Sunday, January 16, 2005

Weblog Tools Market

elise.com: On the Job: An Overview of the Weblog Tools Market
By Elise BauerAugust 6, 2004
Weblogs, although often described as online diaries, are a much more interesting trend than that label would imply. Yes, weblogs are personal journals on the web, and as such they represent the breadth and depth of human interest and knowledge. Not only do blogs allow millions of people to easily and instantaneously publish ideas to websites, most weblogs incorporate interactive features that let others easily comment to those sites, thus transforming the static web into millions of dynamic conversations. Weblogs are increasingly making their way into the professional communications arena as evidenced by FCC Chairman Michael Powell’s blog which he recently started to help generate public discussions around often-controversial FCC policy. Companies are beginning to use weblogs as an internal tool for knowledge sharing. Intuit has created a weblog to open lines of communications with its QuickBooks customers. Technorati tracks over 3 million weblogs, a number that appears to be doubling every 6 months, giving weblogs growth rates that we saw in the early days of the web. Weblogs cannot be dismissed as a fad; they will change the very nature of how we connect and communicate.
Weblog Tools
What does the blog tool market look like today? Weblog tools can be distinguished along two dimensions: fee vs. free and hosted services vs. standalone software (although this distinction is blurring as standalone application companies are beginning to offer hosted versions). The vast majority of blogs are hosted on services that offer weblog building tools and server space for free, for a small fee, or as a feature of a more comprehensive service. Blogger.com, an early-to-market free ad-supported service bought by Google in 2002, is the big guerilla in the market with most likely the largest market share. Live Journal is a hosted blog community with over a million active accounts, 90% of whose users are 25 years old and younger, and two thirds of whom are female. Live Journal weblogs often look more like forums or chat sessions than web pages with structured content. DiaryLand has a large base of teen webloggers and the look of its website suggests a female skew as well. AOL launched its AOL Journals in 2003 as a feature of the AOL service. Typepad, a fee-only service offered by Six Apart, is the most professionally oriented of the hosted consumer services and attracts a broader demographic than the other services.

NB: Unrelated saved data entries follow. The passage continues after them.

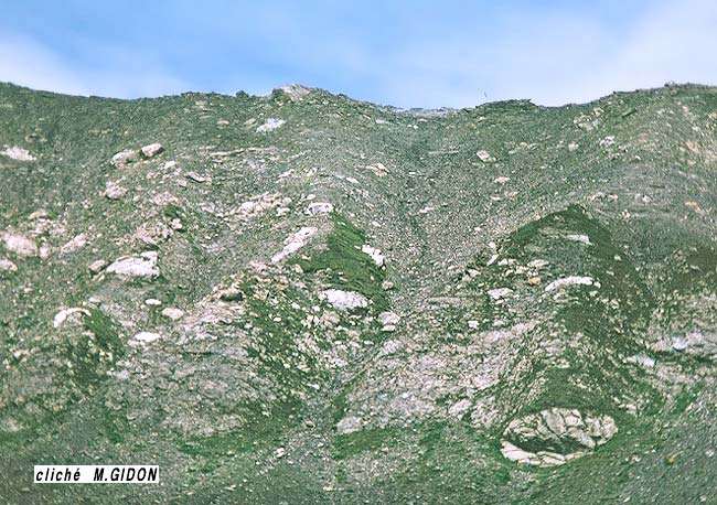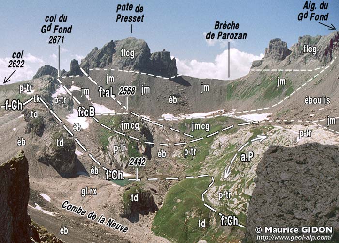 B/ Du côté oriental le chaînon du Grand Fond est bordé par l'entaille, d'ailleurs bien moins profonde, formée au NE par la Combe de la Neuva et dans son prolongement, du côté sud-est, par le vallon de Presset. L'un comme l'autre y mettent à nu le soubassement de matériel basal de la nappe valaisane, formé de Permo-Trias et de Houiller, lequel y affleure en constituant sans ambiguité le prolongement NE de celui qui dessine plus au sud l'anticlinal de la Portette (voir la page "Pierra Menta"). Mais à cette latitude plus septentrionale où l'on est ici ce pli n'est plus représenté que par des fragments de sa voûte (ou de son flanc oriental) au sein d'une une bande disloquée qui est limitée du côté est par le prolongement méridional de la faille des Chapieux.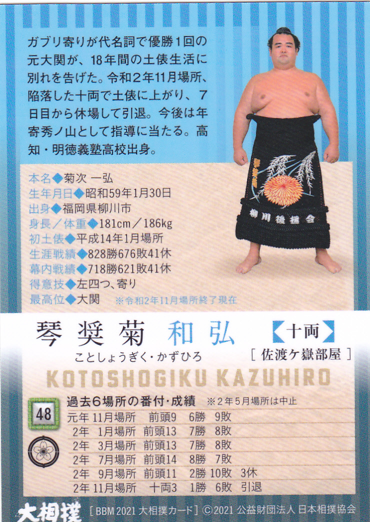 BBM2021大相撲カード 48 琴奨菊 佐渡ケ嶽部屋 十両 福岡県柳川市 明徳義塾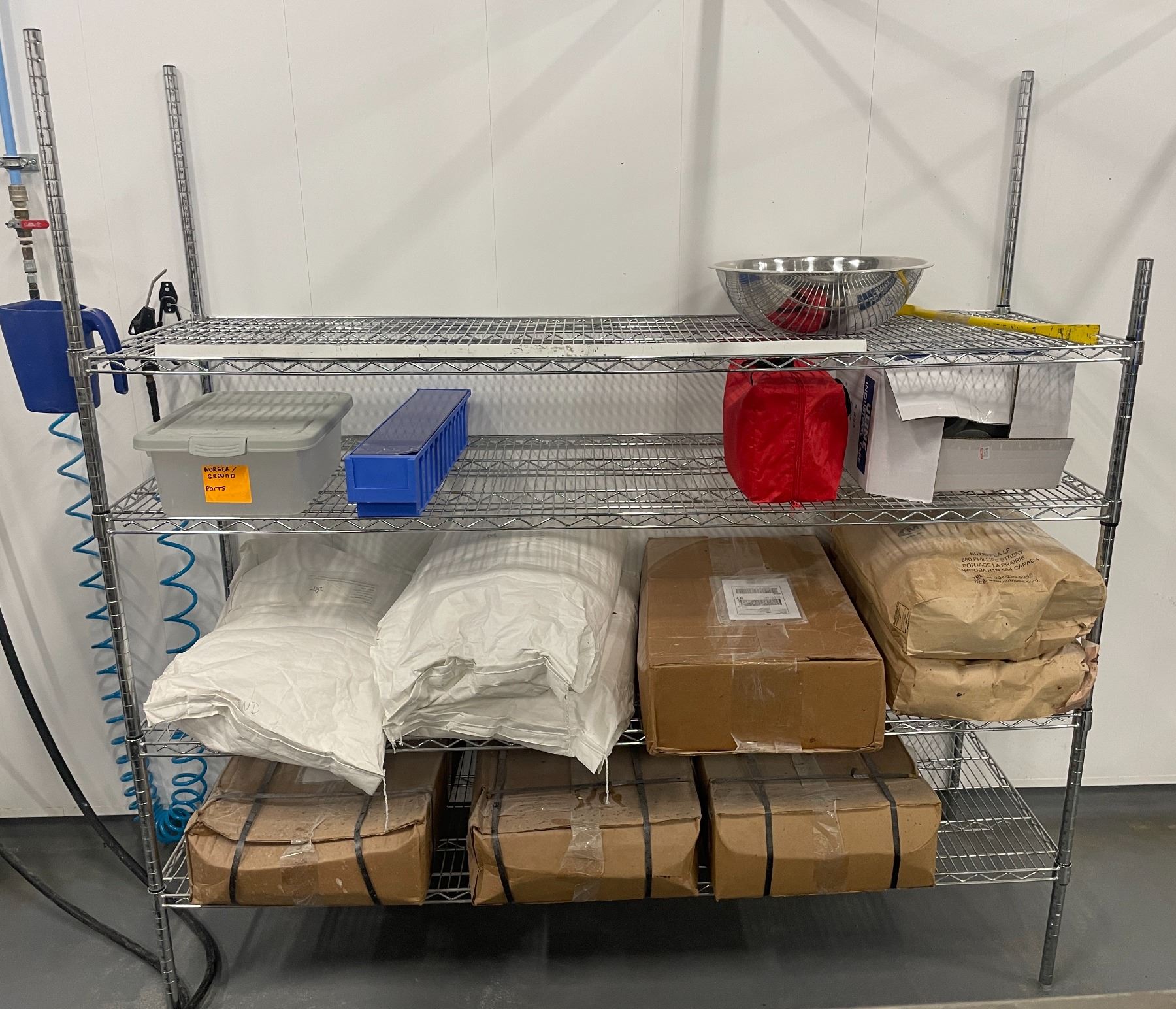 4 tier heavy-duty metal shelving rack with contents - tape guns/ Nutri Pea Pro Pulse Pea Protein 20kg bags/ Pea Protein Isolate 80% rack (approx. 71in wide x 24in depth x 6ft tall)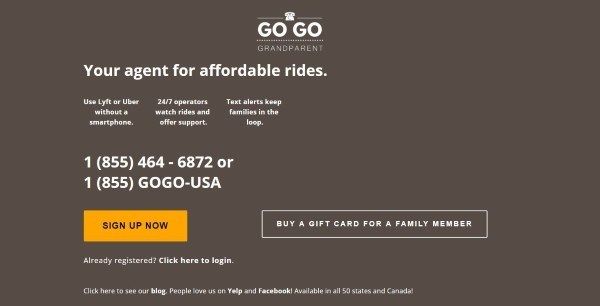 GoGoGrandparent использует людей в конце обычного телефона, чтобы выступать в качестве посредников. Вы звоните по их номеру и запрашиваете поездку, и они используют приложение Uber, чтобы это произошло. Они взимают плату, конечно, в настоящее время $ 0,27 за минуту. Это оплачивается за время разговора, а не за время в машине. Другие сборы идентичны Lyft, поэтому они не будут стоить вам дороже, чем использование приложения.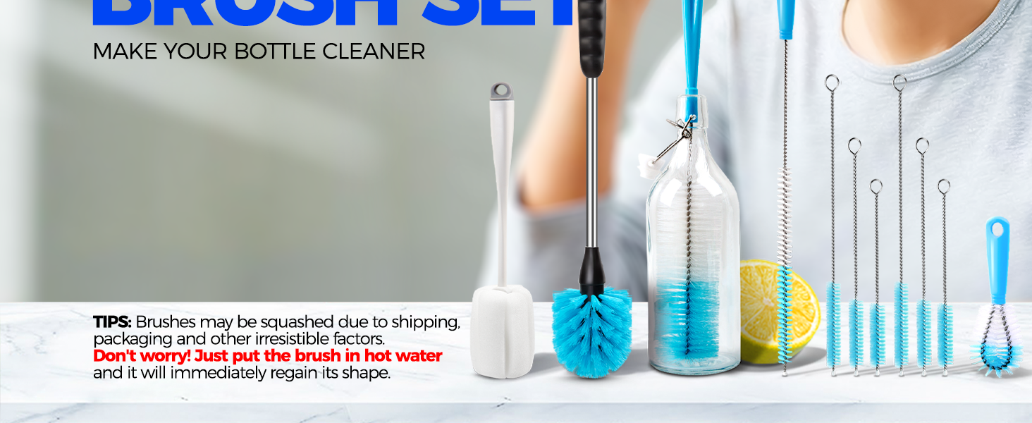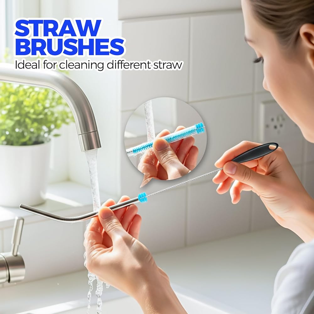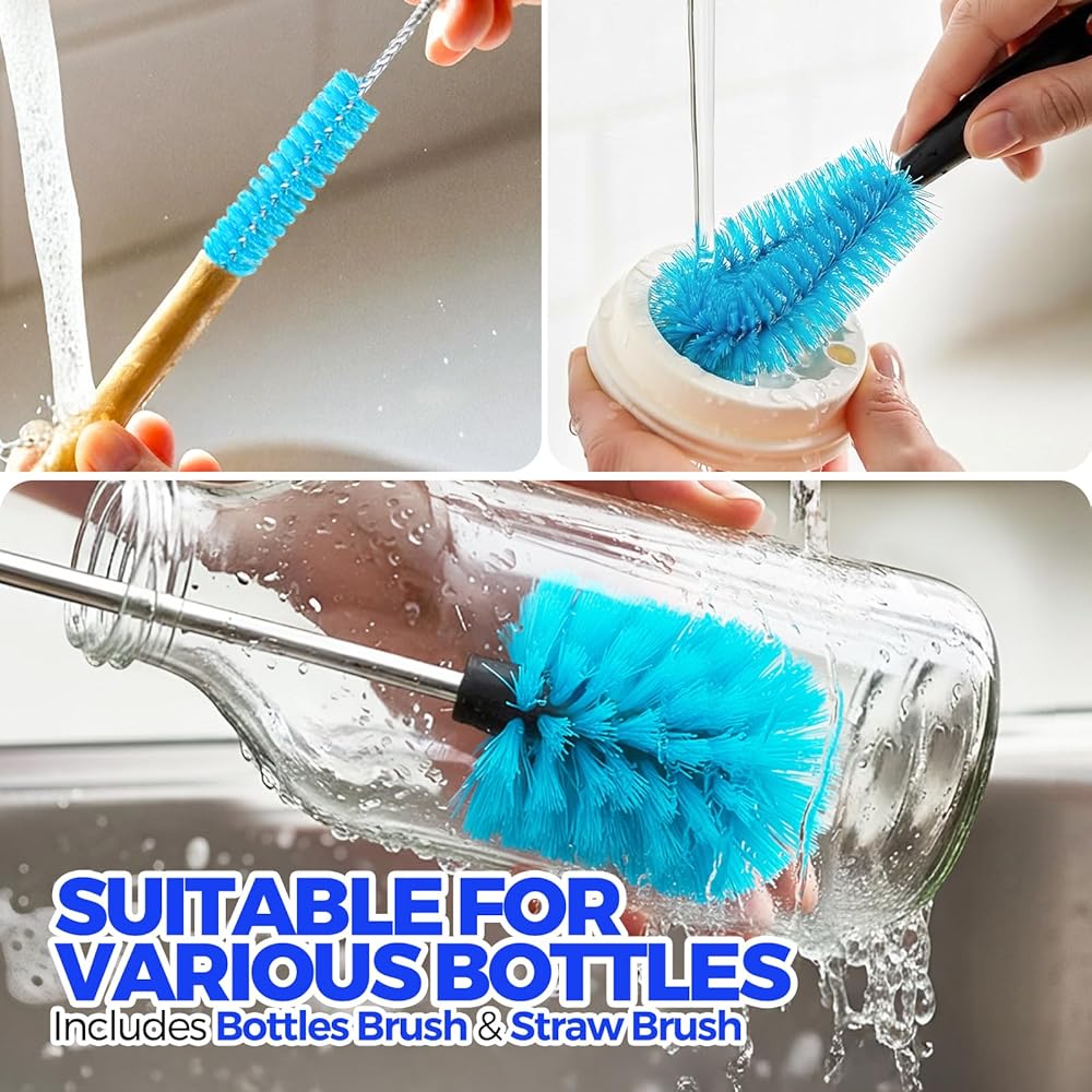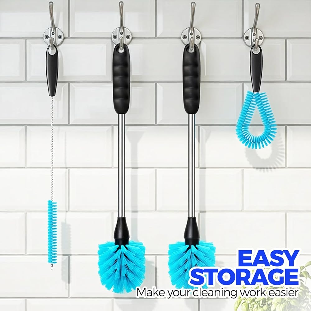 فرش التنظيف ذات الاستخدام المتعدد تتضمن فرش تنظيف أنبوبية من القش مقاس 7.9-12.5 بوصة، وفرشاة زجاجات البيرة بمقبض طويل 16 بوصة، وفرشاة زجاجات المياه الرياضية مقاس 14 بوصة، وفرشاة إسفنجية متعددة الوظائف مقاس 10 بوصات، وفرشاة تنظيف فوهة بطول 4.3 بوصات؛ يمكنك تعليقها على الخطاف للتجفيف والتخزين.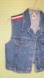 Vintage Big Time denim vest with red, white, and blue accents on the shoulders and sides.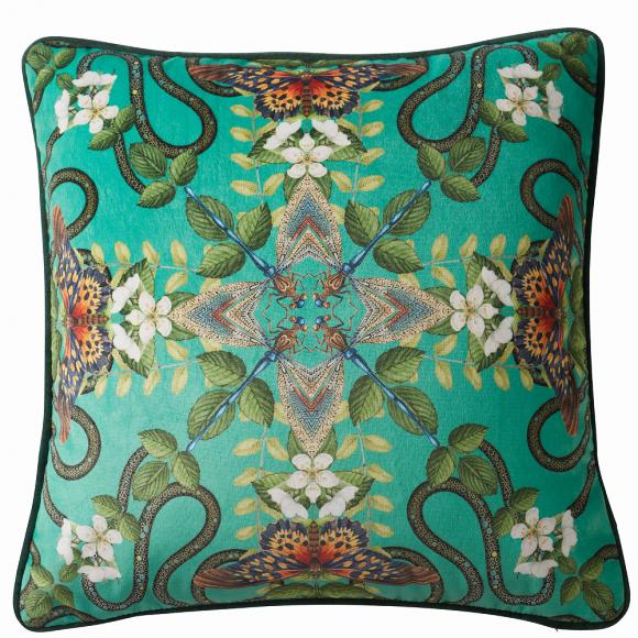 The Emerald Forest cushion is adorned with English flora and fauna.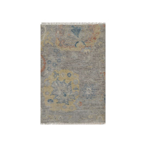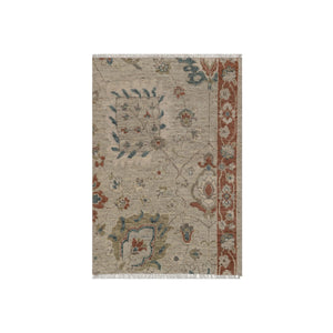 2'x3'1" Beige, Broken Pattern With Oushak Design, Borderless, 100% Wool, Hand Knotted, Mat, Sample, Oriental Rug FWR548778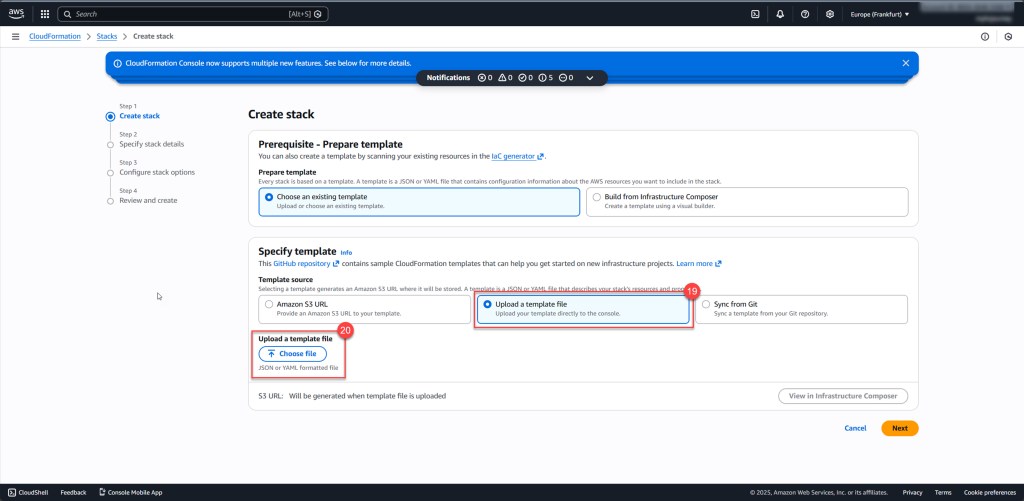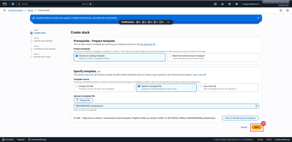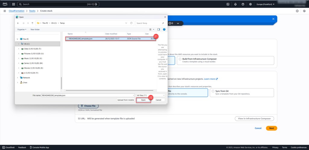 In the next blade, the template* you just generated, which includes all the settings you configured earlier, can be downloaded and later uploaded to AWS CloudFormation as a stack to automatically create the required resources. Click Download template to save it in a central or easily accessible location for later use. When you’re ready, click Next to continue.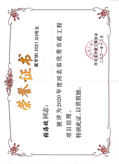 近日,由河北省市政工程協會評選,公司榮獲“2021年度河北省優秀市政施工企業”稱號;韓立君董事長榮獲“2021年度河北省市政行業優秀企業家”稱號;孫運青、狄艷林、高軍會、張海蛟四位同志榮獲“2020年度河北省優秀市政工程項目經理”稱號。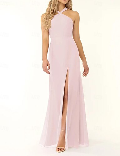 Robe de demoiselle d'honneur en forme de sirène trompette col halter sans manches Élégante longueur sol chiffon avec fente devant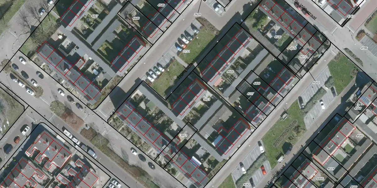 Het perceel waarop Trompstraat 13 staat heeft een oppervlakte van 2537 m². Dit is een zeer groot perceel. De perceeloppervlakte wordt geregistreerd door het Kadaster. Gedetailleerde informatie over de maten van dit perceel kunt u vinden in het rapport Kadastrale kaart met maatvoering van Trompstraat 13.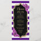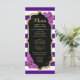 Carte de menu. Design noir violet or élégant avec dorure pailletée. Caractéristiques rayures et roses violettes. Parfait pour une fête élégante.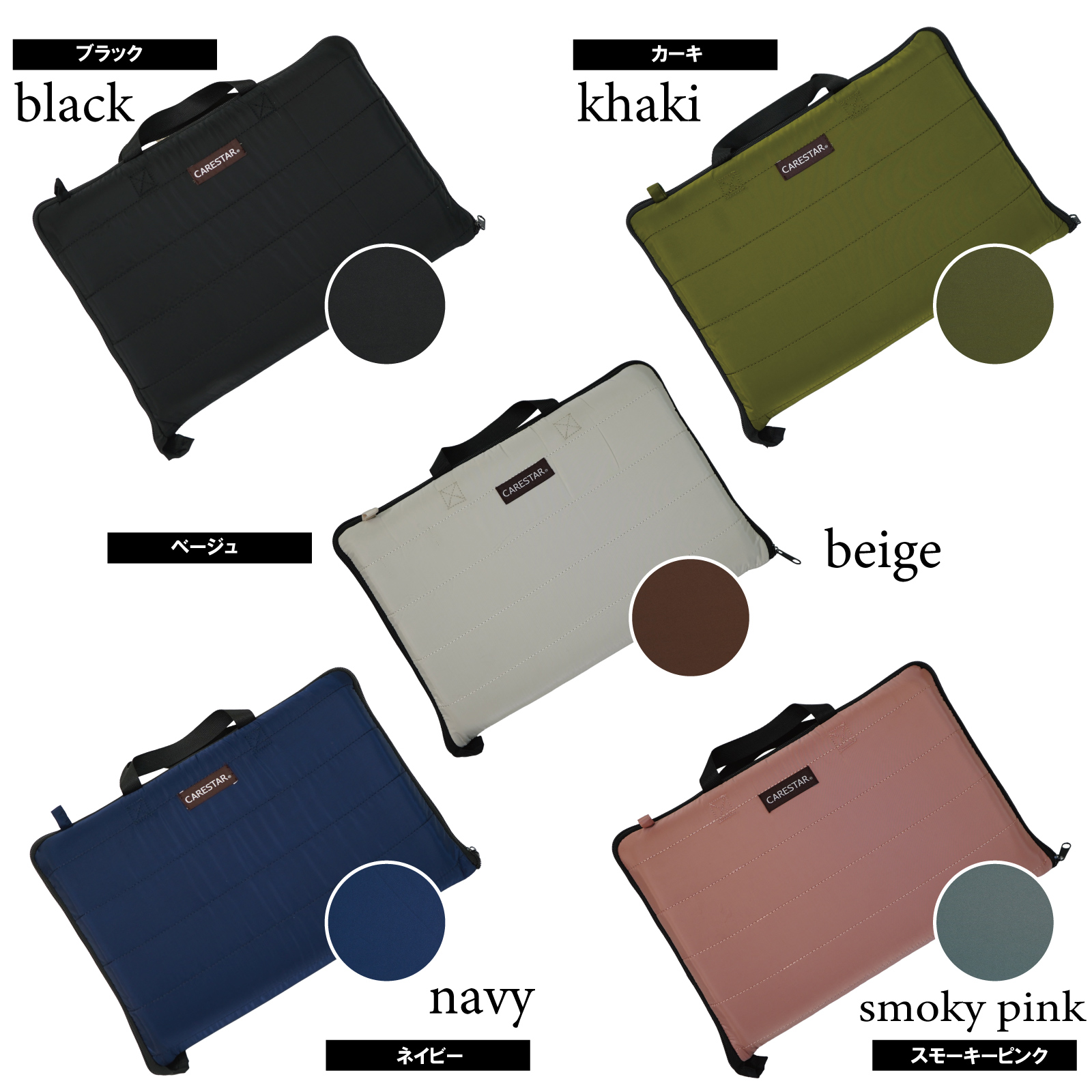 濡れた地面や椅子の上でも安心して使えるほか、ファスナー開閉式(特許庁意匠登録済))で収納も容易。使わないときはコンパクトに収納でき、バッグやクッションのように持ち歩けるデザインです。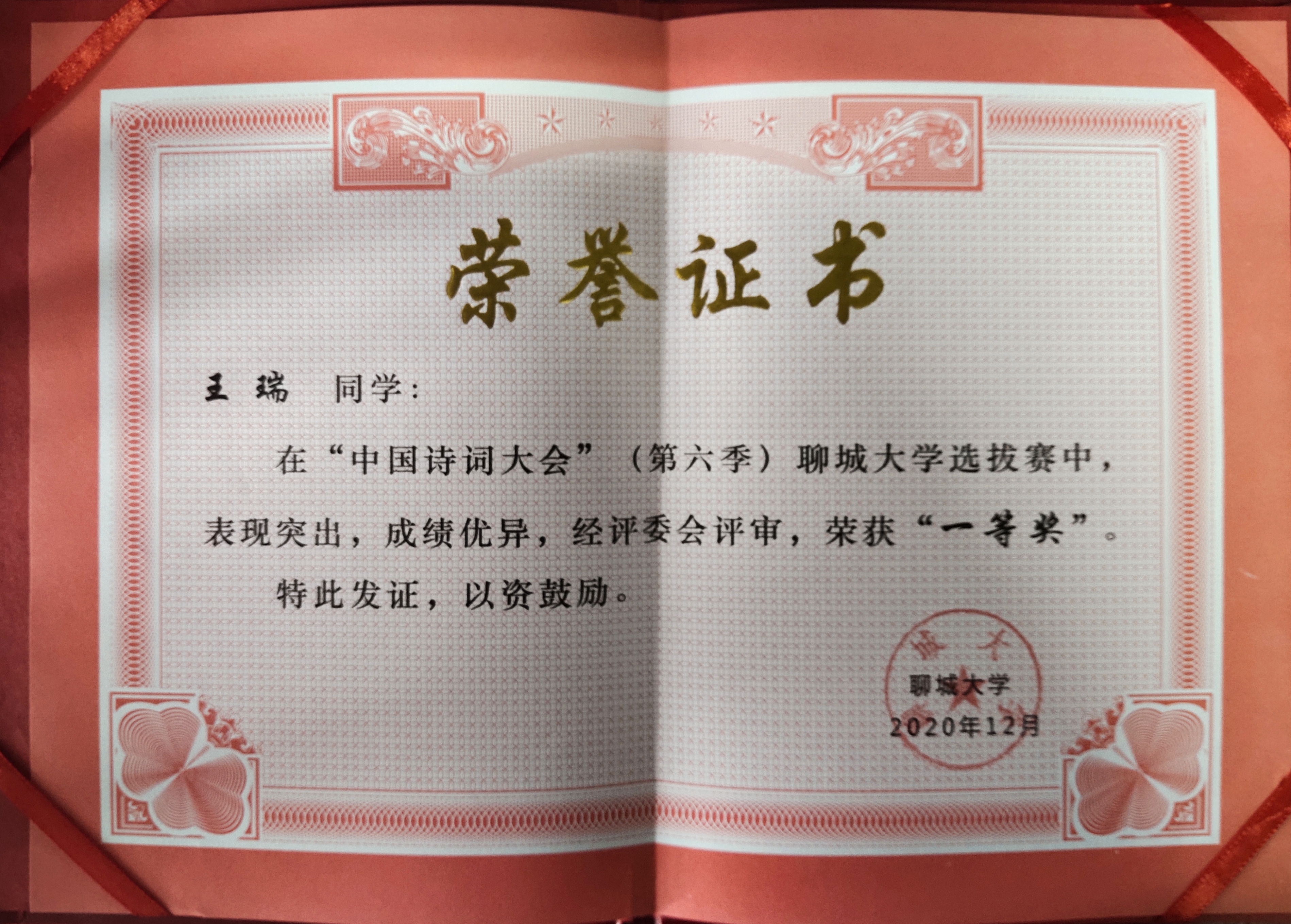 王瑞,“中国诗词大会”第六季太阳集团选拔赛“一等奖”

Hosted services probably represent between 70 and 85% of the weblogs published. The rest are built using standalone applications that are hosted on a user’s individual server or web host. The stand-alone applications tend to be aimed at a more technically sophisticated audience, have many more features and design flexibility, and are thus more suited to professional applications than the hosted services.
The key differentiator between the various stand-alone applications is whether they are open source and free, or if there is a license fee required. Of the standalone applications, Movable Type, also by Six Apart - the makers of Typepad, is the most dominant. Movable Type began its life as shareware, establishing a large user base and developer community. It has since moved to a fee-based licensing model. Expression Engine from pMachine, like Movable Type, also requires a fee-based license, as does Radio Userland. Expression Engine and Radio offer hosting packages of their software. Movable Type and Expression Engine are considered the most robust, in terms of features and extensibility, of the stand-alone applications.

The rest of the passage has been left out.